=== TASK BRIEF ===
What should be copied is the stretch of entries below from the line with "- 강수 : 19일(목)" up to and including the line with "MAX49 od Akai", exactly and without images.

=== TASK DATA ===
=== Section Start ===

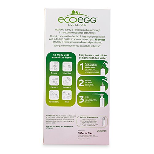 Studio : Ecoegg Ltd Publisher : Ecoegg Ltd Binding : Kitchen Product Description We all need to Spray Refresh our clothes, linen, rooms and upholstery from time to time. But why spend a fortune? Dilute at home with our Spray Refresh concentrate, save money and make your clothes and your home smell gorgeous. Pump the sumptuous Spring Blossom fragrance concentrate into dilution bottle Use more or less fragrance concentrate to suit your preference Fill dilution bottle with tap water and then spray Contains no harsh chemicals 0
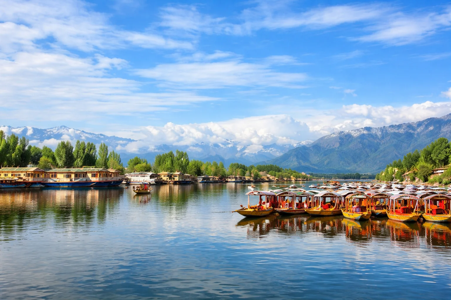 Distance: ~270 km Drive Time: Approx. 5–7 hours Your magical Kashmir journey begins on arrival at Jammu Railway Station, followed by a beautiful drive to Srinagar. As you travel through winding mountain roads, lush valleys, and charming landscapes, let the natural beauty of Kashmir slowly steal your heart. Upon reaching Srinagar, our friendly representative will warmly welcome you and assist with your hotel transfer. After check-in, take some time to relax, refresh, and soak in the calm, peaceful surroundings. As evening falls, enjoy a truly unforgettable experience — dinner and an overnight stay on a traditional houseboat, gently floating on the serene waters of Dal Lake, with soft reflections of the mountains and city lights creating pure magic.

=== Section End ===
=== Section Start ===

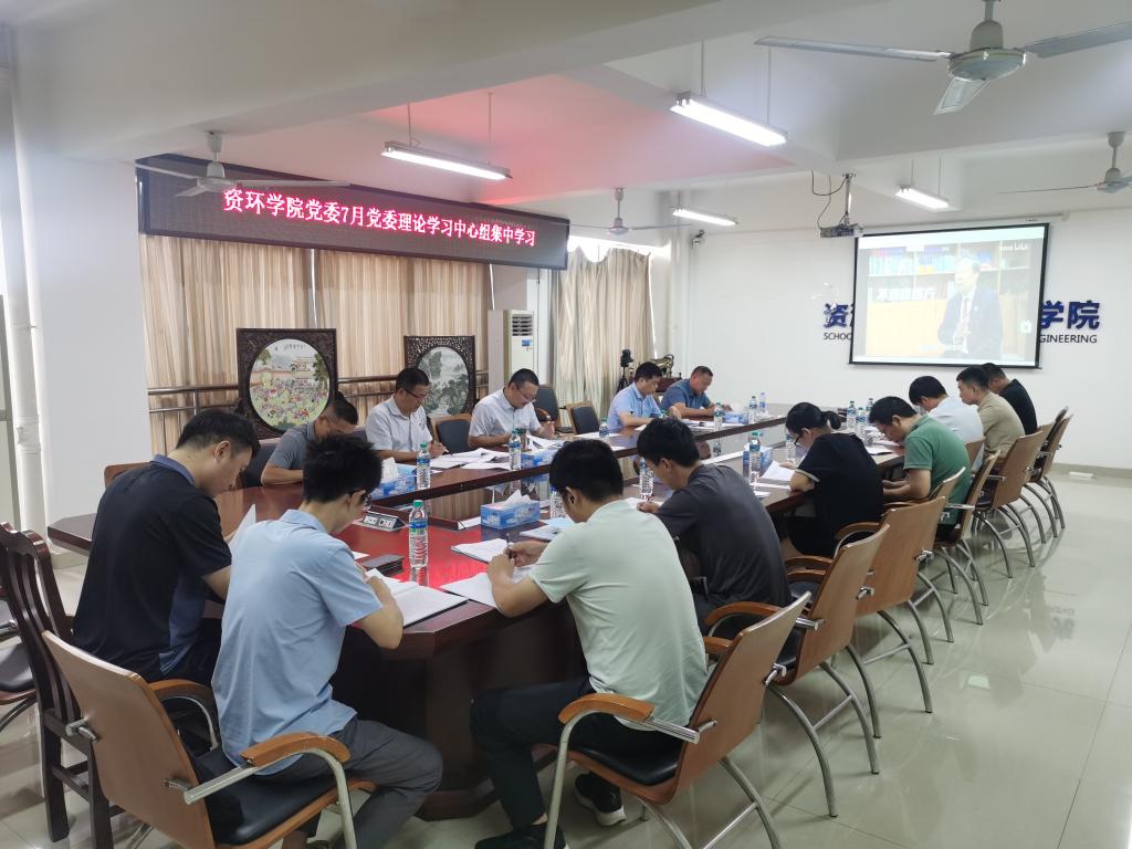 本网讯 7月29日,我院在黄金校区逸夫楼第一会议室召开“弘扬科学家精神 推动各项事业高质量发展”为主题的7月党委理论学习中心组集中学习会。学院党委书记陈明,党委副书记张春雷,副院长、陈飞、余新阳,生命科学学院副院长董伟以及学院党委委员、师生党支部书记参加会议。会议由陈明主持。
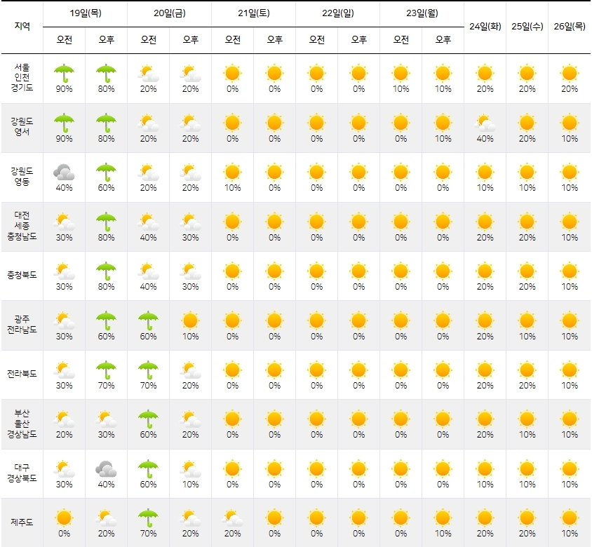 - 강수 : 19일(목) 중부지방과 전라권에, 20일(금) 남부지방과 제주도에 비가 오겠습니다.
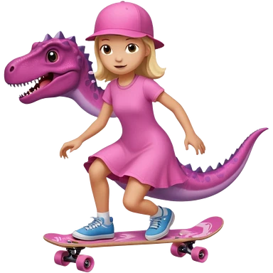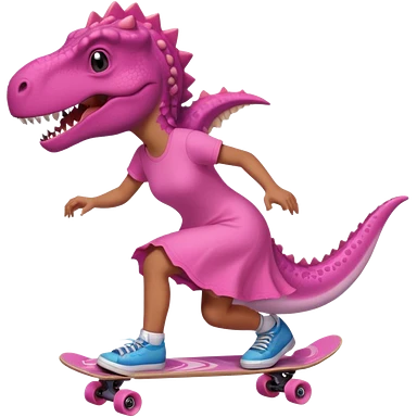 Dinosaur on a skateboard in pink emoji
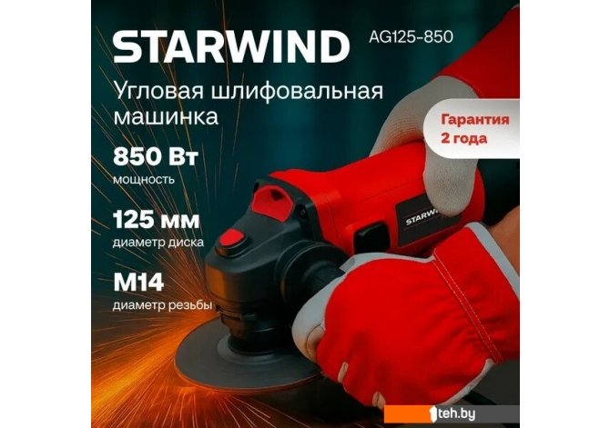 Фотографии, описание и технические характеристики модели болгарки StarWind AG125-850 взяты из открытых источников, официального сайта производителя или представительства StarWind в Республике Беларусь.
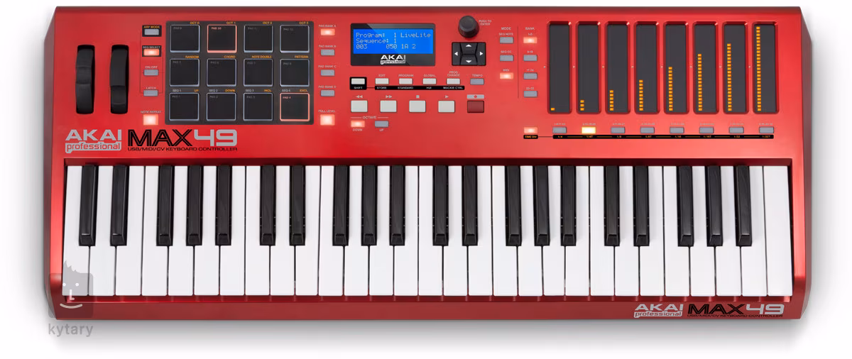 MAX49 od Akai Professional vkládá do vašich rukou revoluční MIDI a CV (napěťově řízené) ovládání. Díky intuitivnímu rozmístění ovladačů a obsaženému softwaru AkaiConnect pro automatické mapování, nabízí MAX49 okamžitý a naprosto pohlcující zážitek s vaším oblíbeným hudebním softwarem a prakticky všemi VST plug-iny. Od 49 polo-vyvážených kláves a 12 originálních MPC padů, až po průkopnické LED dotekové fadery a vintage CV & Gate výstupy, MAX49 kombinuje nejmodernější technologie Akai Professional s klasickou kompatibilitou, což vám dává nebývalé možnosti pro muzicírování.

=== Section End ===

=== SOLUTION ===
 - 강수 : 19일(목) 중부지방과 전라권에, 20일(금) 남부지방과 제주도에 비가 오겠습니다.
 Dinosaur on a skateboard in pink emoji
 Фотографии, описание и технические характеристики модели болгарки StarWind AG125-850 взяты из открытых источников, официального сайта производителя или представительства StarWind в Республике Беларусь.
 MAX49 od Akai Professional vkládá do vašich rukou revoluční MIDI a CV (napěťově řízené) ovládání. Díky intuitivnímu rozmístění ovladačů a obsaženému softwaru AkaiConnect pro automatické mapování, nabízí MAX49 okamžitý a naprosto pohlcující zážitek s vaším oblíbeným hudebním softwarem a prakticky všemi VST plug-iny. Od 49 polo-vyvážených kláves a 12 originálních MPC padů, až po průkopnické LED dotekové fadery a vintage CV & Gate výstupy, MAX49 kombinuje nejmodernější technologie Akai Professional s klasickou kompatibilitou, což vám dává nebývalé možnosti pro muzicírování.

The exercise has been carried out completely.